Hodgkin’s lymphoma (HL) or Hodgkin’s disease is a cancer of the lymphatic system characterized by the uncontrolled expansion of irregular lymphocytes. As of 2022, it is estimated that there are 8540 new cases of HL and 920 related deaths per year in the US.
Advances in treatment within the last few decades have resulted in a 5-year survival rate of 87%, which is higher than that of many other types of cancer. However, treating advanced-stage patients remains challenging, especially considering that the initial treatment selection can influence survivorship.
Recently, long-term data were published from the Phase III clinical trial of an alternative therapy regimen for stage III and IV disease. The multinational trial with 1334 patients, one of the largest trials reported on this disease, found that the alternative therapy regimen led to better survival, at least in the study’s patient population, than that associated with current standard treatment.
What is Hodgkin’s Lymphoma?
HL is most commonly diagnosed in young people between the ages of 15 and 30 and in adults above 55. The two categories of HL are classic HL (CHL), which is the predominant disease type, and nodular lymphocyte-predominant HL (NLPHL). CHL is characterized by the presence of large multinucleated cells called Reed-Sternberg cells in various parts of the lymphatic system, especially the lymph nodes.
Caption: Hodgkin’s lymphoma is characterized by the presence of large and multinucleated Reed-Sternberg Cells.
Collection and buildup of the abnormal cells lead to tumor growth and a weakened immune system. Symptoms include enlarged lymph nodes, fever and/or night sweats, severe itching and fatigue. Risk factors for HL include infection with the Epstein-Barr virus/mononucleosis, age (early adulthood and late adulthood), gender (predominantly males), family history of HL and a weakened immune system.
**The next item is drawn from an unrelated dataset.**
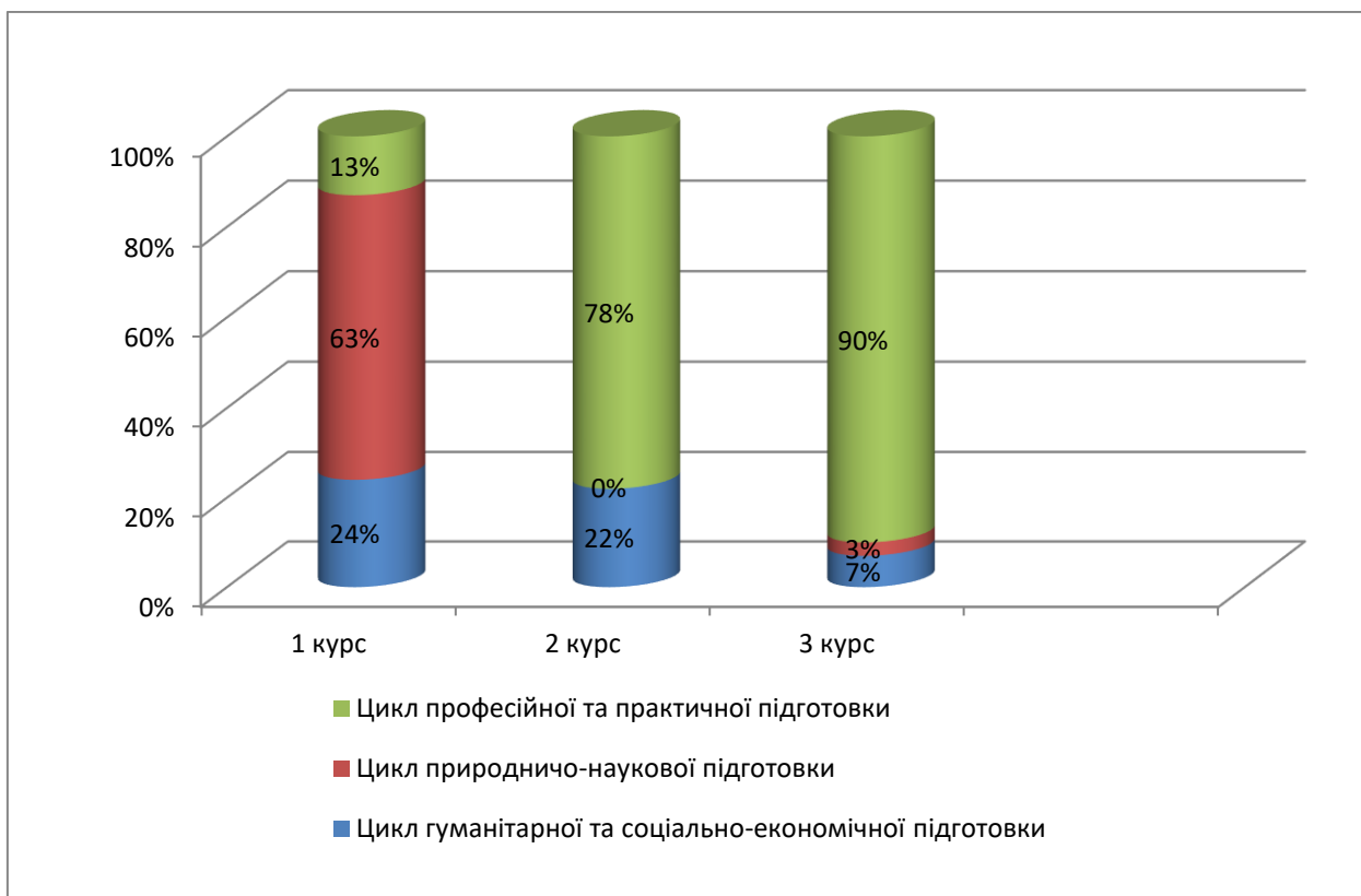
Рис. 2. Діаграма розподілу освітніх компонент (ОК) в рамках освітньо-професійної програми підготовки фахового молодшого бакалавра на основі повної загальної середньої освіти зі спеціальності 223 Медсестринство спеціалізації «Лікувальна справа».

гуманітарної та соціально-економічної підготовки, природничо-наукової підготовки, професійної підготовки ОП за курсами навчання в залежності від кількості кредитів ECTS (рис. 2).

Treatment for Hodgkin’s Lymphoma
The standard first-line chemotherapy is the ABVD regimen, a combination of doxorubicin hydrochloride (Adriamycin), bleomycin sulfate, vinblastine sulfate and dacarbazine. For early-stage disease, the National Comprehensive Cancer Network (NCCN) guidelines recommend 2 cycles of ABVD followed by interim positron-emission tomography (PET) scans before deciding on whether to intensify or de-escalate therapy.
The subsequent treatments can consist of more cycles of ABVD or radiation therapy. Patients cleared of positive PET scans after two cycles of ABVD often have a good prognosis and can stop therapy after two additional cycles.
The balance between efficacy and long-term toxicity must be considered for the treatment of patients who are at advanced-stage disease and do not meet the negative PET scan criteria. In this case, patients are treated with more rounds of ABVD or with the very intensive escalated BEACOPP (bleomycin, etoposide, doxorubicin, cyclophosphamide, vincristine, procarbazine and prednisone) regimen (4-6 cycles), which can cause serious toxic effects.
Adverse effects of these treatments include pulmonary toxicity, heart disease, second cancers and infertility. For patients above 65, no more than 2 cycles of bleomycin are recommended due to severe lung toxicity.
A+AVD and ABVD for Hodgkin’s Lymphoma
More recently, an alternative regimen, A+AVD, has become available. In A+AVD, bleomycin from the standard regiment is replaced with brentuximab vedontin, an anti-CD30 antibody-drug conjugate. As previously reported, the ECHELON-1 trial compared treatment with up to 6 cycles of A+AVD or ABVD and found a progression-free survival benefit for A+AVD in the trial’s patient population.
Now, six-year follow-up data from ECHELON-1 show an overall survival advantage (93.9% vs 89.4%) for the trial patients treated with A+AVD, an important milestone for doctors and patients deciding between the two treatments. In addition, fewer patients who received the A+AVD treatment received subsequent therapies compared to the ABVD group.
One important consideration for patients and doctors in choosing between A+AVD or ABVD is the cost, which can be more than $275,00 higher with the new regimen.
The two regimens’ different safety profiles must be weighed. A recent study reported more deaths due to pulmonary toxic effects and second cancers in the ABVD group. However, an editorial published in NEJM points out that the number of pulmonary toxicity-related deaths in the ABVD group was higher than would be expected with careful lung function monitoring, which could be due to variations in practice between the trial sites in 21 different countries. The A+AVD group reported a higher rate of patients with ongoing peripheral neuropathy.
Currently, the NCCN guidelines still recommend ABVD over A+AVD, except in specific situations.